**Task brief:** Any picture in the data below gets skipped; print all the rest exactly.

━━━━━ Material provided ━━━━━

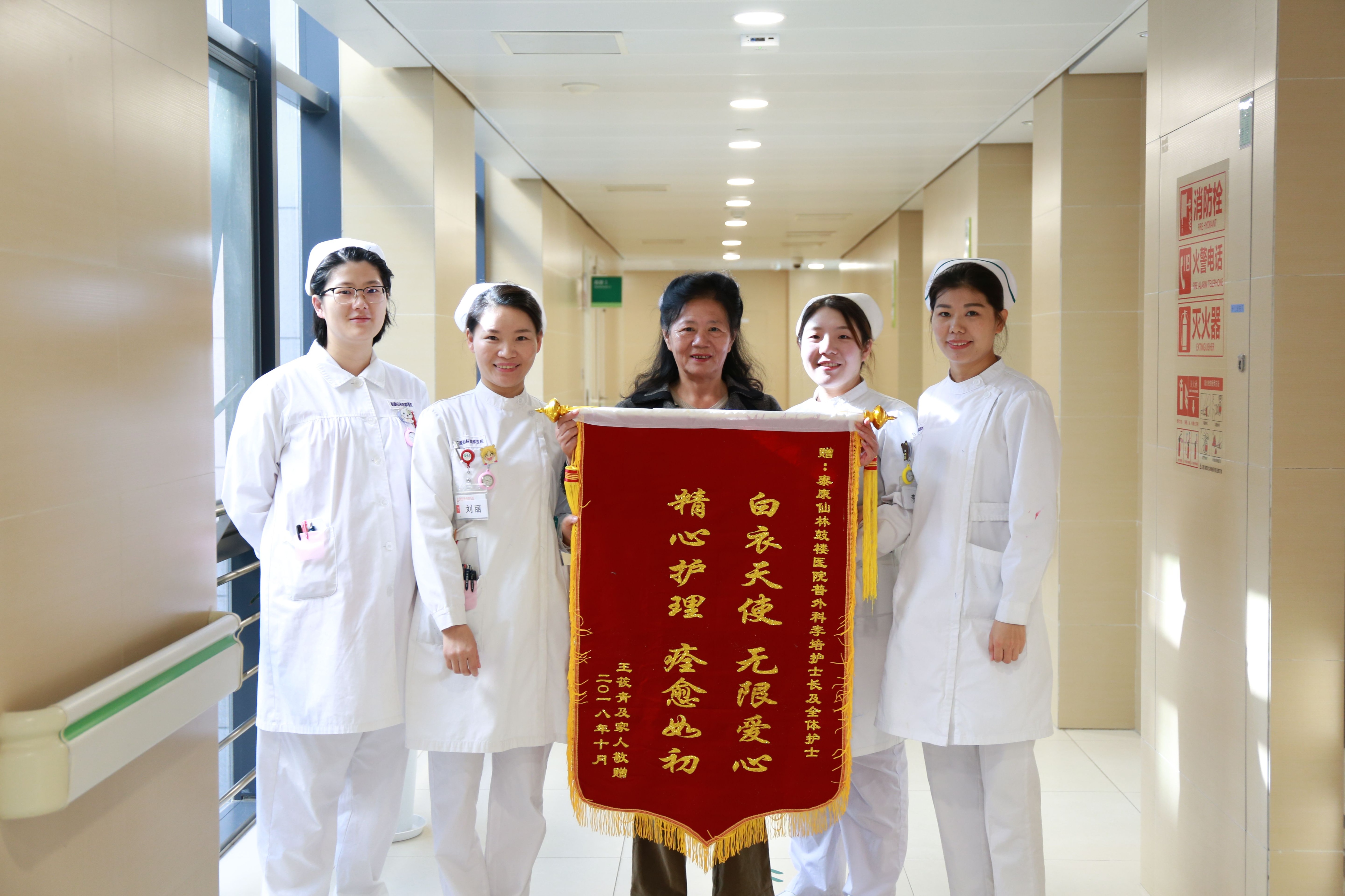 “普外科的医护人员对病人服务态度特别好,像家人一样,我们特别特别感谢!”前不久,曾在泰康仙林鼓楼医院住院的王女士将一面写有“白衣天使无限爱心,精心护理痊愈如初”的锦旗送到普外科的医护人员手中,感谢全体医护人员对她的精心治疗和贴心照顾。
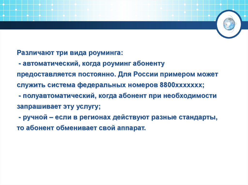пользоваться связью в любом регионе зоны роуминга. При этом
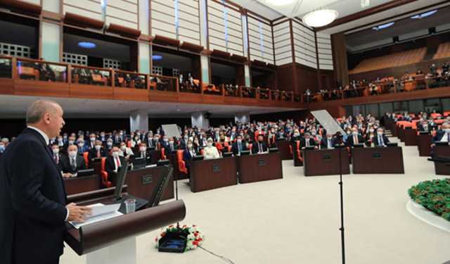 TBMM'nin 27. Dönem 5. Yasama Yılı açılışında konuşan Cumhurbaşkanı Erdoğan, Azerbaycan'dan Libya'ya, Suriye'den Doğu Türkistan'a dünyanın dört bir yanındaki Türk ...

━━━━━

**Task output:**
 “普外科的医护人员对病人服务态度特别好,像家人一样,我们特别特别感谢!”前不久,曾在泰康仙林鼓楼医院住院的王女士将一面写有“白衣天使无限爱心,精心护理痊愈如初”的锦旗送到普外科的医护人员手中,感谢全体医护人员对她的精心治疗和贴心照顾。
пользоваться связью в любом регионе зоны роуминга. При этом
 TBMM'nin 27. Dönem 5. Yasama Yılı açılışında konuşan Cumhurbaşkanı Erdoğan, Azerbaycan'dan Libya'ya, Suriye'den Doğu Türkistan'a dünyanın dört bir yanındaki Türk ...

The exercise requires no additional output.